The data section start
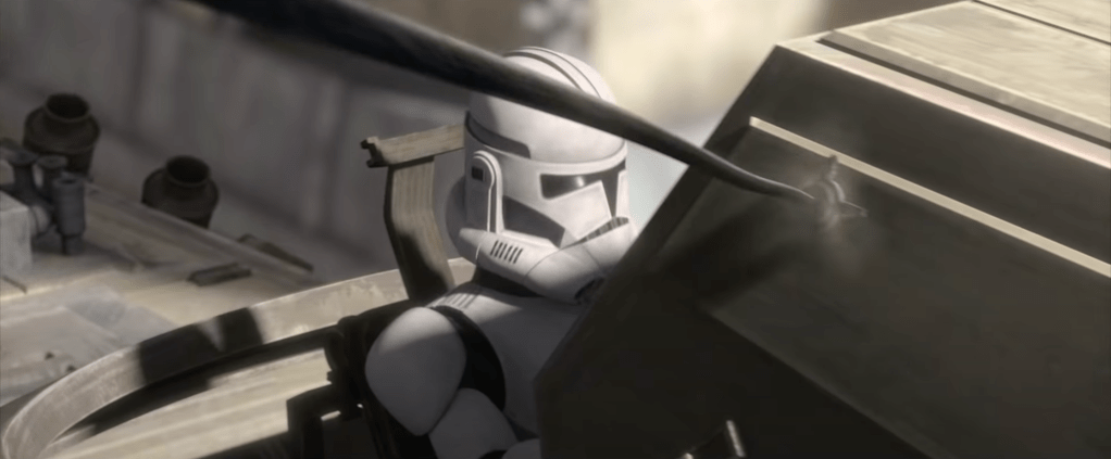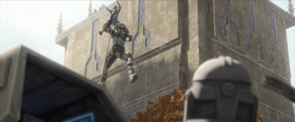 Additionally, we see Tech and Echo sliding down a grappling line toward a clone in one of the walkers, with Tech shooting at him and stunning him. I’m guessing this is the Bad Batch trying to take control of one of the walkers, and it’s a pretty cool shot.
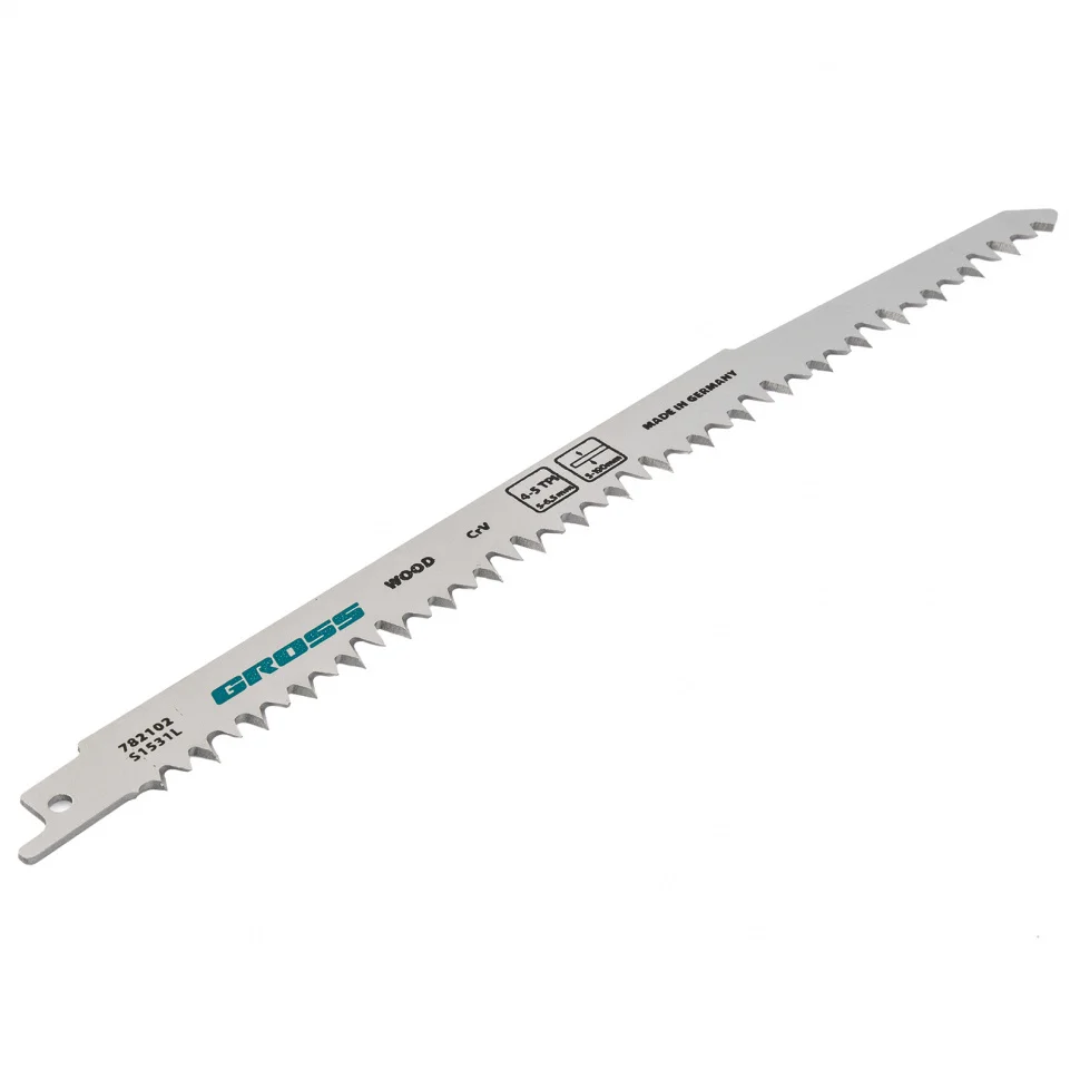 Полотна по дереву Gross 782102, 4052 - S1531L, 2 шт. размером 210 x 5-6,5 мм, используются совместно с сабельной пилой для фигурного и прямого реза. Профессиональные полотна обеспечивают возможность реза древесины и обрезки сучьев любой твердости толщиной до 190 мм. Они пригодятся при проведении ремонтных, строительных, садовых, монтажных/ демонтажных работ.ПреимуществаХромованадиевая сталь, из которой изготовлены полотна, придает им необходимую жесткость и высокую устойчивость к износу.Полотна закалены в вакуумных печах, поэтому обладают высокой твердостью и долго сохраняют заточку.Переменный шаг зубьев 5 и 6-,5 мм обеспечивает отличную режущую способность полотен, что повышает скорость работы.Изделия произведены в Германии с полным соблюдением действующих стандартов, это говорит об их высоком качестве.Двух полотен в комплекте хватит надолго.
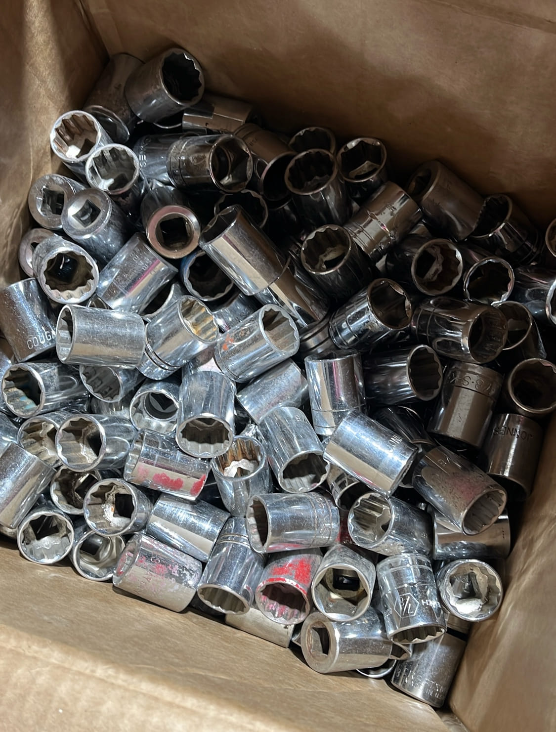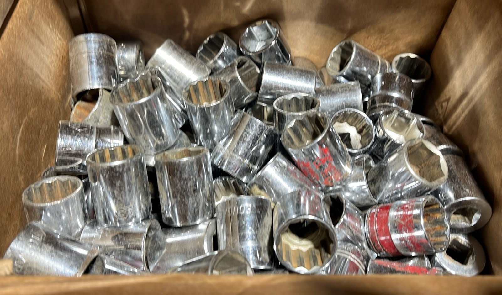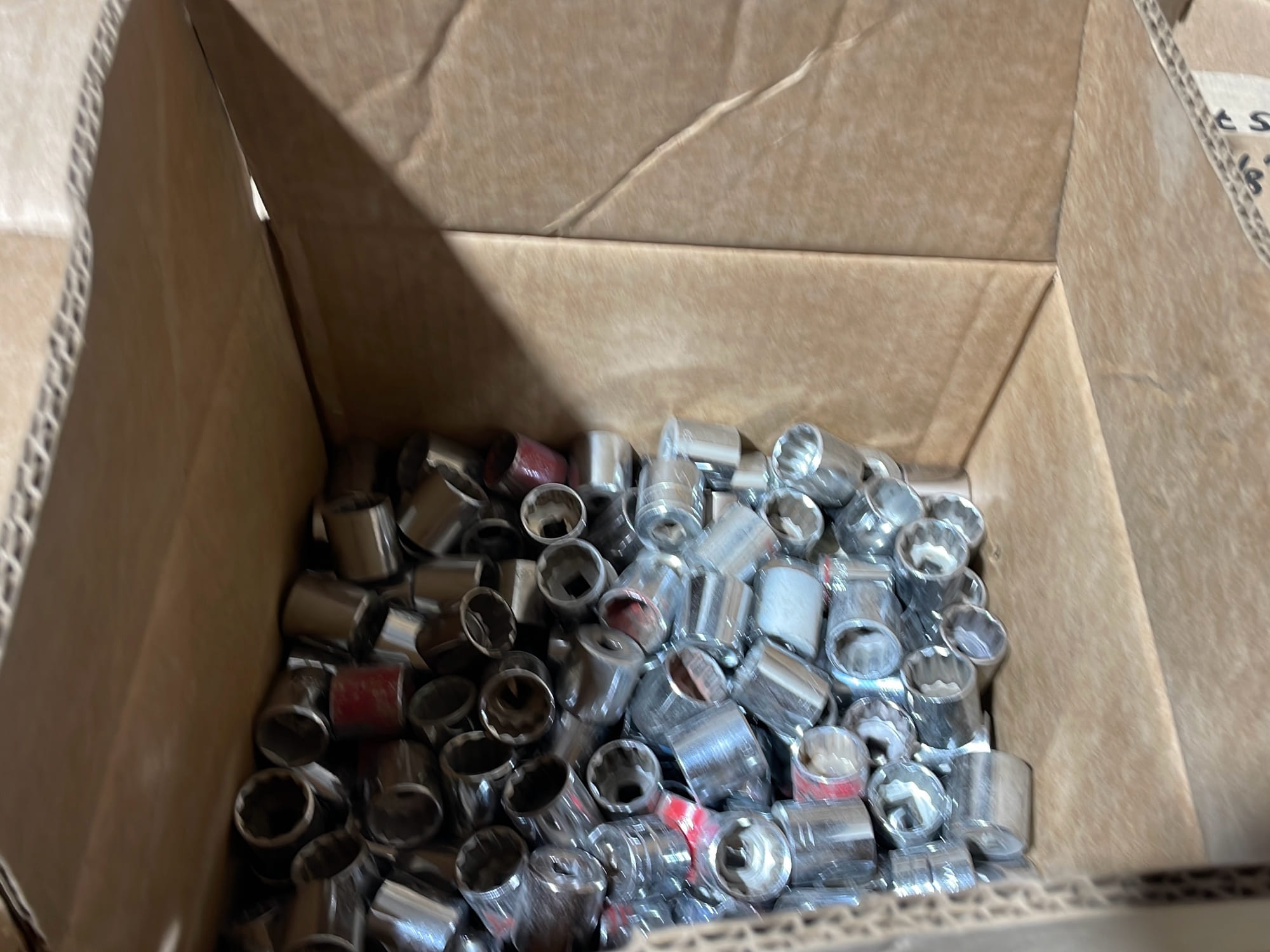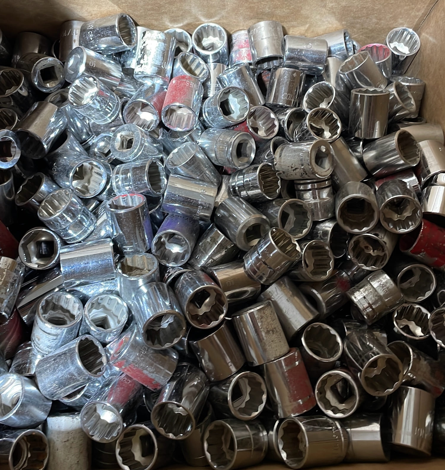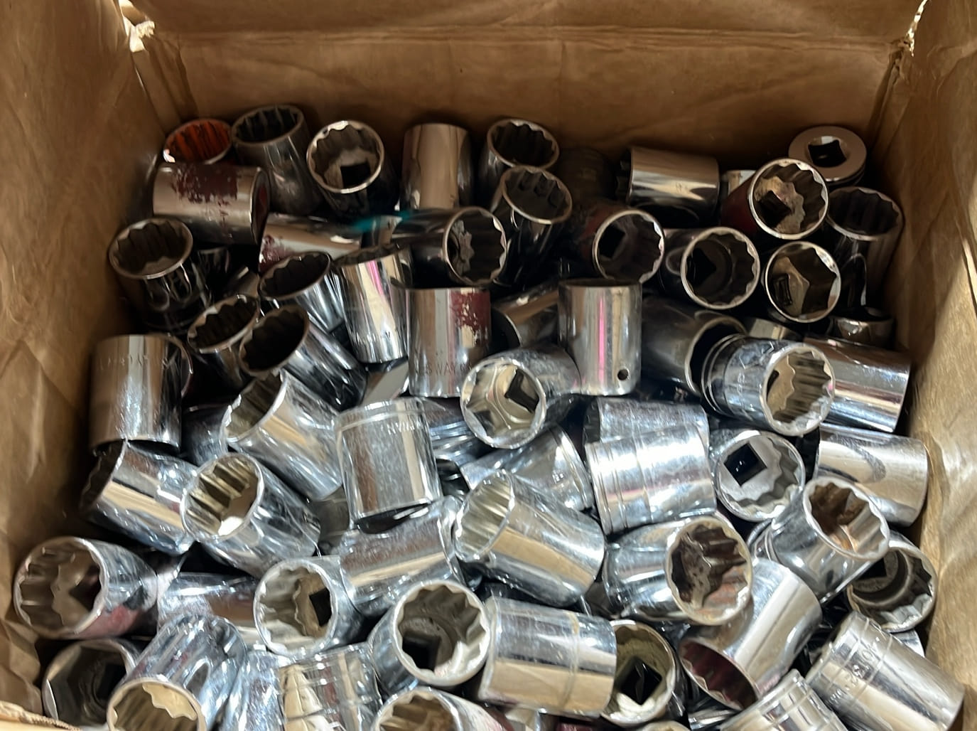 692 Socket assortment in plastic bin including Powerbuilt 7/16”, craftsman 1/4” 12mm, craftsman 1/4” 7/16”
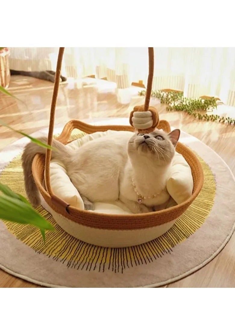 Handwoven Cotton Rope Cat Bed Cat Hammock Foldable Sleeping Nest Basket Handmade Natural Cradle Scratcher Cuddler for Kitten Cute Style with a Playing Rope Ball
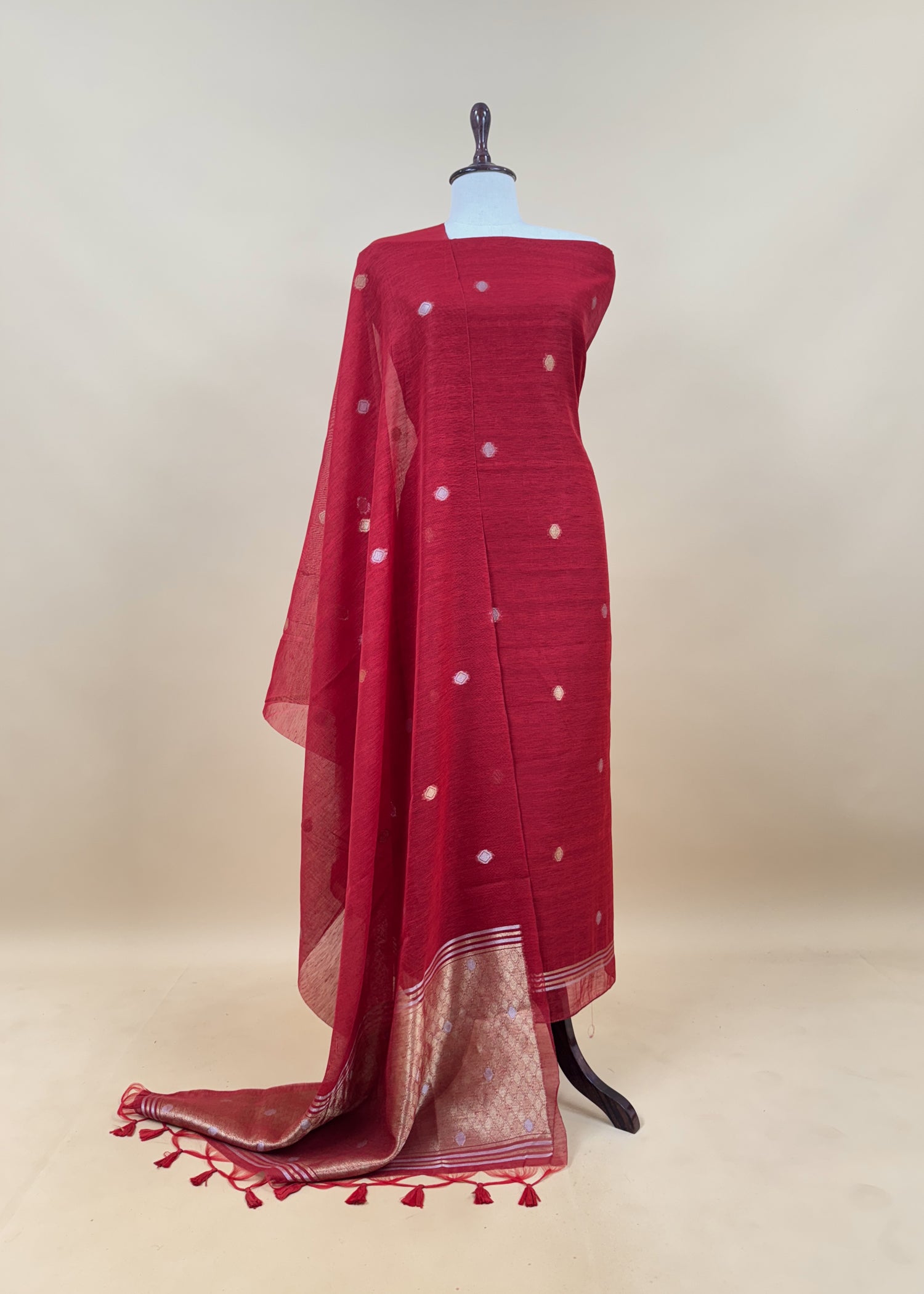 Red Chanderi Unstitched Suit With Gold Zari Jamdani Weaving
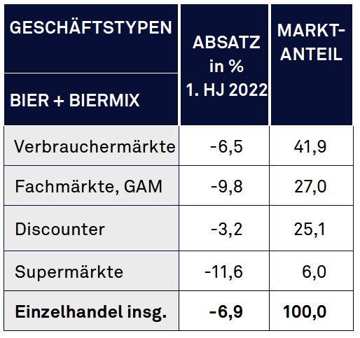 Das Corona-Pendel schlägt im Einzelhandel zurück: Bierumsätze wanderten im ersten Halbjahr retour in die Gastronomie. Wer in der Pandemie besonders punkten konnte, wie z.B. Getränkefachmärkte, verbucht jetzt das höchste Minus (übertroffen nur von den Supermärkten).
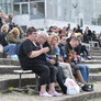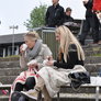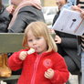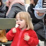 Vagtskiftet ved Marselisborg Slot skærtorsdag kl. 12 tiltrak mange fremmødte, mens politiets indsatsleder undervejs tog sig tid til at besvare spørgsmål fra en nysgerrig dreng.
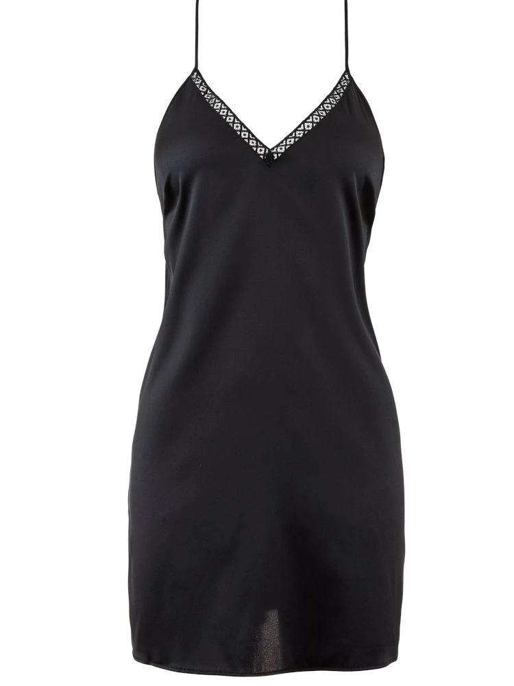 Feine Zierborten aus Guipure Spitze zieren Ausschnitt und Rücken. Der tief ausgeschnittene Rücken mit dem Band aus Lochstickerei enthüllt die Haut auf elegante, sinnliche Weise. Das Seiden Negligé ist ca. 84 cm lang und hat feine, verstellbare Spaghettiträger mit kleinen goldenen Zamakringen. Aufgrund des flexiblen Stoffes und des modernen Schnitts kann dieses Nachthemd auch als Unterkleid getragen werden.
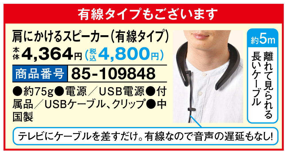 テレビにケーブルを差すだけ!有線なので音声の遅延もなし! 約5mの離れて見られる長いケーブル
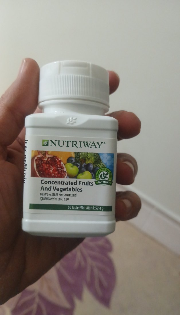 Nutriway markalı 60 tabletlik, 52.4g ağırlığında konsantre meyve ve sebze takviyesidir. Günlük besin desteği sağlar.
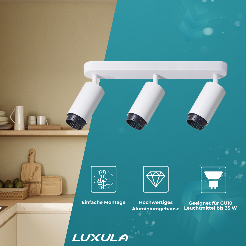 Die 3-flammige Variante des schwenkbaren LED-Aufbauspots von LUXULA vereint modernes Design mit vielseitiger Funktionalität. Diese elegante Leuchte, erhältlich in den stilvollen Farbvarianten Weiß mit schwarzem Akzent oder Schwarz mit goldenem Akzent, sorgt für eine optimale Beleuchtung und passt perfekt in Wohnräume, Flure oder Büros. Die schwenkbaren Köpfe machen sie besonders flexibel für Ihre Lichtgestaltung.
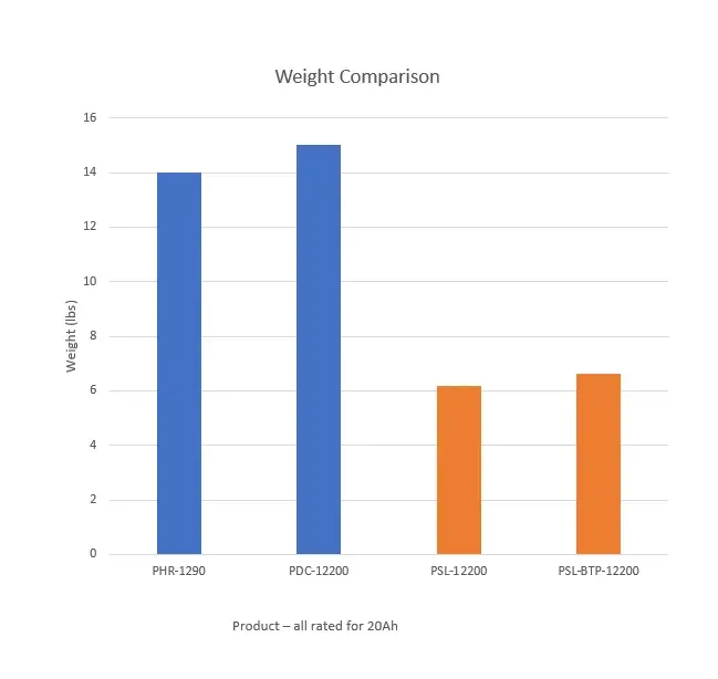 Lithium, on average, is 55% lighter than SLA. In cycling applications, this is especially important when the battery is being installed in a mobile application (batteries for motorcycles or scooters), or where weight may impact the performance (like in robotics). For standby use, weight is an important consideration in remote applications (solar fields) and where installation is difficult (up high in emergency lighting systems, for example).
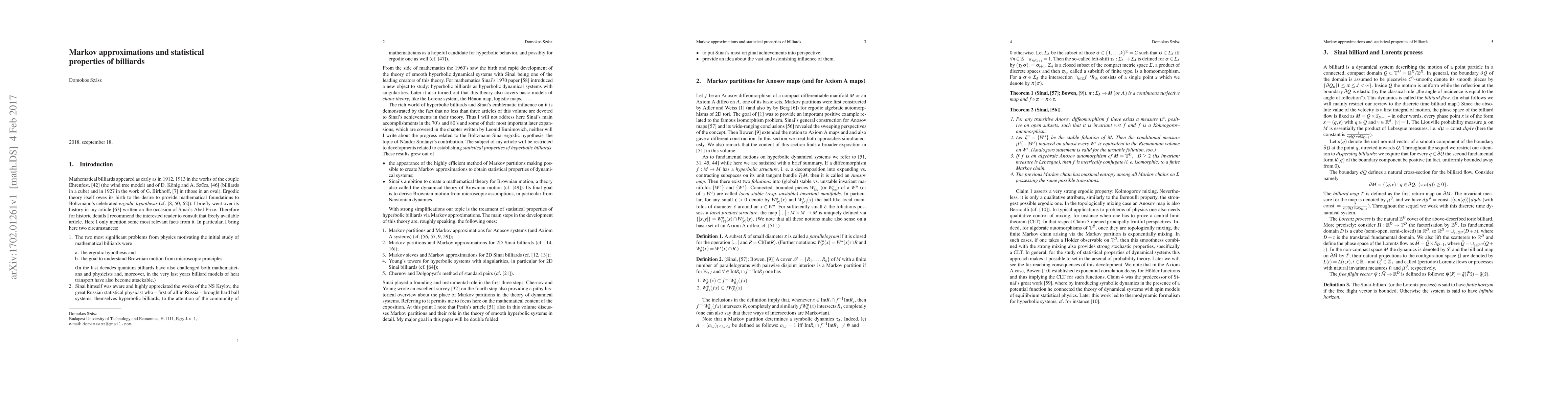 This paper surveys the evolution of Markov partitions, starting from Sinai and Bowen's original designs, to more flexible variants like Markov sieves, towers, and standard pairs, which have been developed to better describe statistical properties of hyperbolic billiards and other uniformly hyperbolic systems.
The data section end
**Problem details**
Go to the line above holding "Handwoven Cotton Rope", then copy exactly each line down to and including the one holding "Das Corona-Pendel schlägt", leaving pictures out.

**Response area**
 Handwoven Cotton Rope Cat Bed Cat Hammock Foldable Sleeping Nest Basket Handmade Natural Cradle Scratcher Cuddler for Kitten Cute Style with a Playing Rope Ball
 Red Chanderi Unstitched Suit With Gold Zari Jamdani Weaving
 Das Corona-Pendel schlägt im Einzelhandel zurück: Bierumsätze wanderten im ersten Halbjahr retour in die Gastronomie. Wer in der Pandemie besonders punkten konnte, wie z.B. Getränkefachmärkte, verbucht jetzt das höchste Minus (übertroffen nur von den Supermärkten).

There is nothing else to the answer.